Ce "petit quelque chose" dont avait parlé Mrs. Roony lui revint à l'esprit en soirée. Elle s'arrêta à se demander ce que cela pouvait bien être, et s'en voulut quelque peu d'avoir fait comme si la chose n'avait aucune importance. Elle en glissa un mot à Luco, puis plaisanta:

- J'espère au moins que ce sera moins vulgaire que ces affreux flamands roses qu'elle a installés devant son balcon.

- Des flamands roses? demanda Luco qui ne les avait pas remarqués.

Il est vrai qu'ils étaient à moitié cachés par une clôture ornementale.

- Enfin, Lina, tu aurais pu lui demander de quoi il s'agissait? Ce terrain nous appartient autant qu'à elle!

- Je sais bien, mais elle est gentille après tout. Et puis tu aurais fait la même chose, non? Qui sait si ces gens ne sont pas susceptibles?

Luco n'aurait jamais créé de mauvaises relations avec ses nouveaux voisins. Il espérait d'eux une certaine compréhension face aux travaux bruyants qu'il se proposait de faire.

- Bien... on verra, soupira-t-il.

Soupir qui ne fit qu'augmenter l'inquiétude de Lina. Pour conjurer une agglomération de flamands roses devant sa porte, elle évoqua la présence d'une jolie corbeille de granit. Après tout, Mrs. Roony n'avait-elle pas insisté sur le fait que son beau-père était un artiste?

Lina conclut en riant:

- Tant que ce ne sera pas une borne fontaine!

L'appréhension dura quelques jours, où chaque retour à la maison s'accompagnait d'un millier de suppositions loufoques. Une semaine passa. Presque à regret, ils en vinrent à la conclusion que les Roony avaient trouvé un autre endroit pour installer le mystérieux "petit quelque chose", et finirent par l'oublier.

Par un de ces beaux soirs de juillet où tout était serein, Lina se rendit à Fulham Market. Rien ne l'amusait autant que de flâner, pénétrée par l'authenticité de son bonheur léger comme un fluide, entre les étalages d'un Woolwoorth's où s'exposaient d'horribles bibelots en solde, et elle poussa l'absurdité jusqu'à payer quarante-neuf pence un crapaud en porcelaine pour faire une blague à Luco quand il prendrait sa douche.

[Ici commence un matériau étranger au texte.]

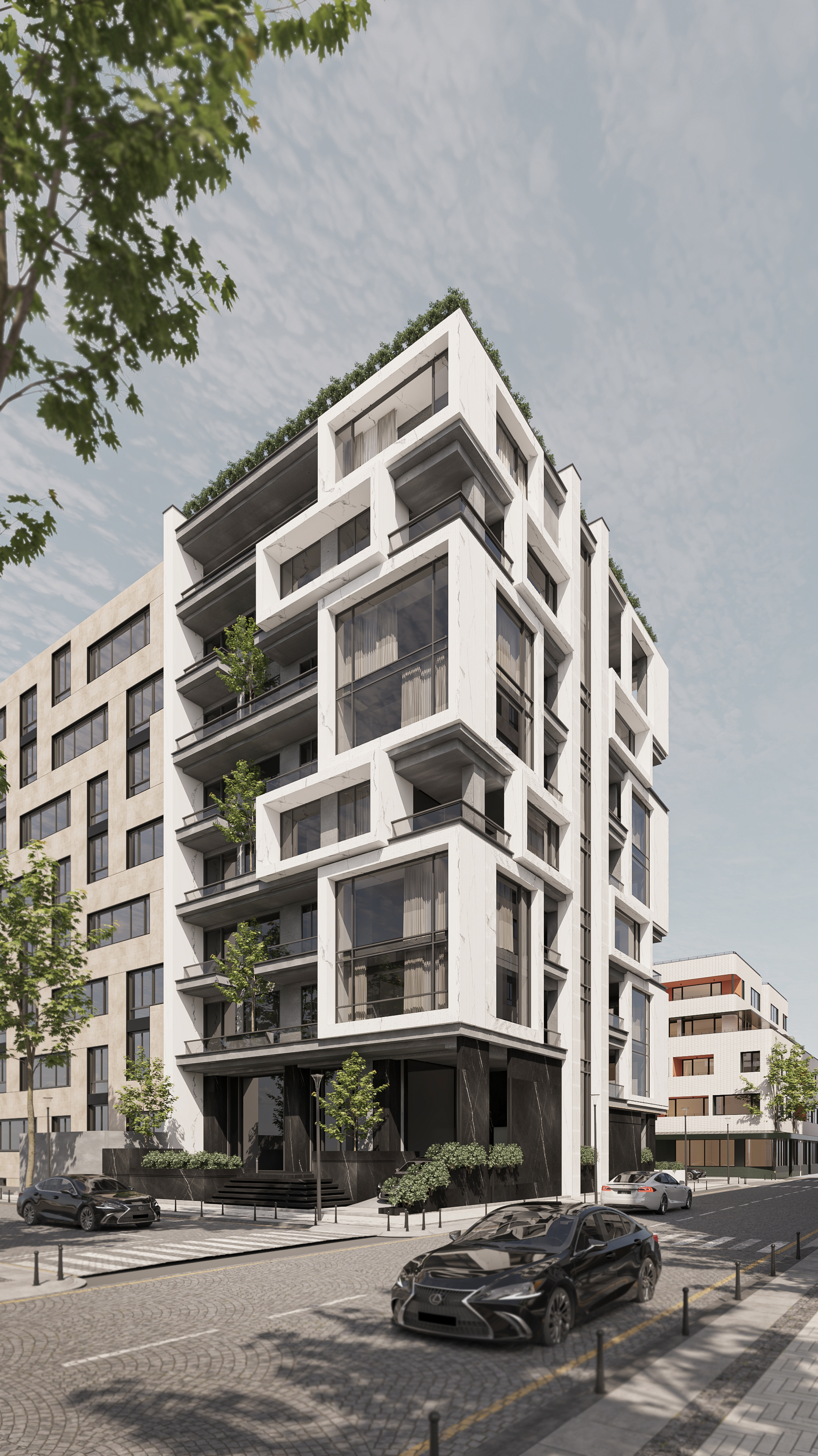 این پروژه یک ساختمان مسکونی هفت طبقه بوده که با کانسپت ویلا آپارتمان در منطقه متل قو در حال اجراست.با توجه به شرایط و محدودیت های این پروژه طراحی این ساختمان به جهت ایجاد ارزش افزوده به صورت خورحینی انجام شده است. صفر تا صد طراحی و اجرای این پروژه بر عهده دفتر معماری چکاد است.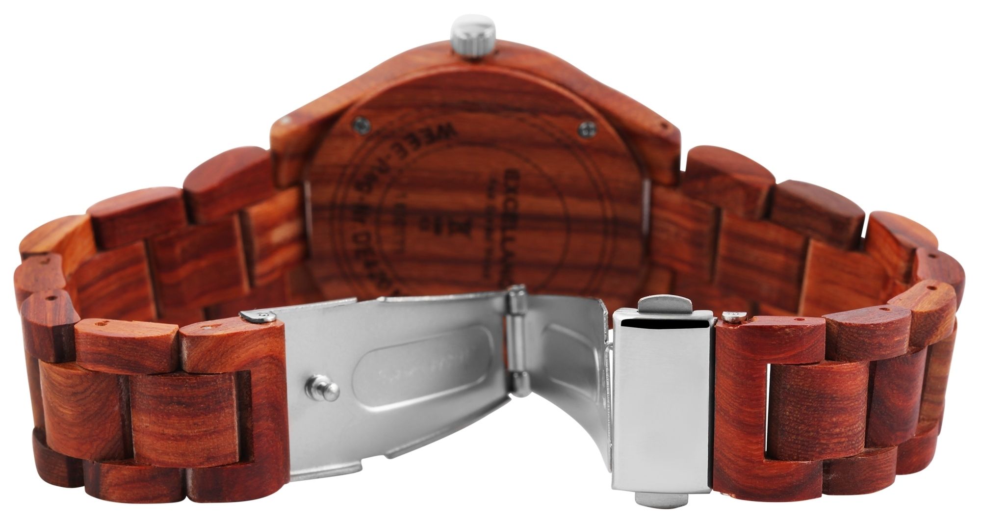 Het analoge damespolshorloge met 3 wijzers van het merk Excellanc heeft een hoogwaardig kwartsuurwerk. De houten band van sandelhout is 20 mm breed bij de lug en kan worden geopend en gesloten met een zilverkleurige roestvrijstalen vouwsluiting. De totale lengte van het horloge is 21 cm. De houten kast, ook gemaakt van sandelhout, met een houten achterkant in dezelfde kleur en mineraalglas, heeft een diameter van 40 mm en een kasthoogte van 11 mm. Een visueel hoogtepunt is het mineraalglas met een zilverkleurige spiegelrand aan de buitenrand. Samen met de zilverkleurige kroon geeft dit het horloge een elegante uitstraling. De wijzerplaat is ook gemaakt van sandelhout. De wijzers en uurmarkeringen zijn zilverkleurig en passen goed bij de algehele look van het horloge. Tegenwoordig zijn houten horloges een absolute must om elke pols. Het materiaal maakt het horloge niet alleen bijzonder duurzaam, maar ook een absolute blikvanger.

Elle revint à la brunante, sereine au point de s'attendrir sur les plaintes d'un chat noir qu'elle vit surgir d'entre deux bosquets, elle qui pourtant était très superstitieuse. Aussi, c'est en voulant chasser un début de pressentiment qu'elle contourna le coin de sa rue, non sans s'étonner de voir un attroupement de gens sur son perron. Des amis à l'improviste? Elle s'approcha, souriante, mais graduellement son sourire se changea en expression de surprise, qui devint carrément de la stupeur. Au beau milieu du terrain mitoyen, et sur toute sa largeur, encerclé d'une plate-bande ovale et d'une clôture de broche, les Roony avaient installé l'ineffable cadeau du beau-père: une vache grandeur nature.

Mrs. Roony accourut:

- Vous avez laissé tomber un sac!

Elle enchaîna en vérifiant s'il n'y avait rien de cassé:

- N'est-ce pas qu'il est un artiste admirable? Il a gagné un prix l'an passé. Bien sûr, il manque les fleurs, nous allons nous en occuper demain. Blanches, il va de soi, et ce n'est pas tout!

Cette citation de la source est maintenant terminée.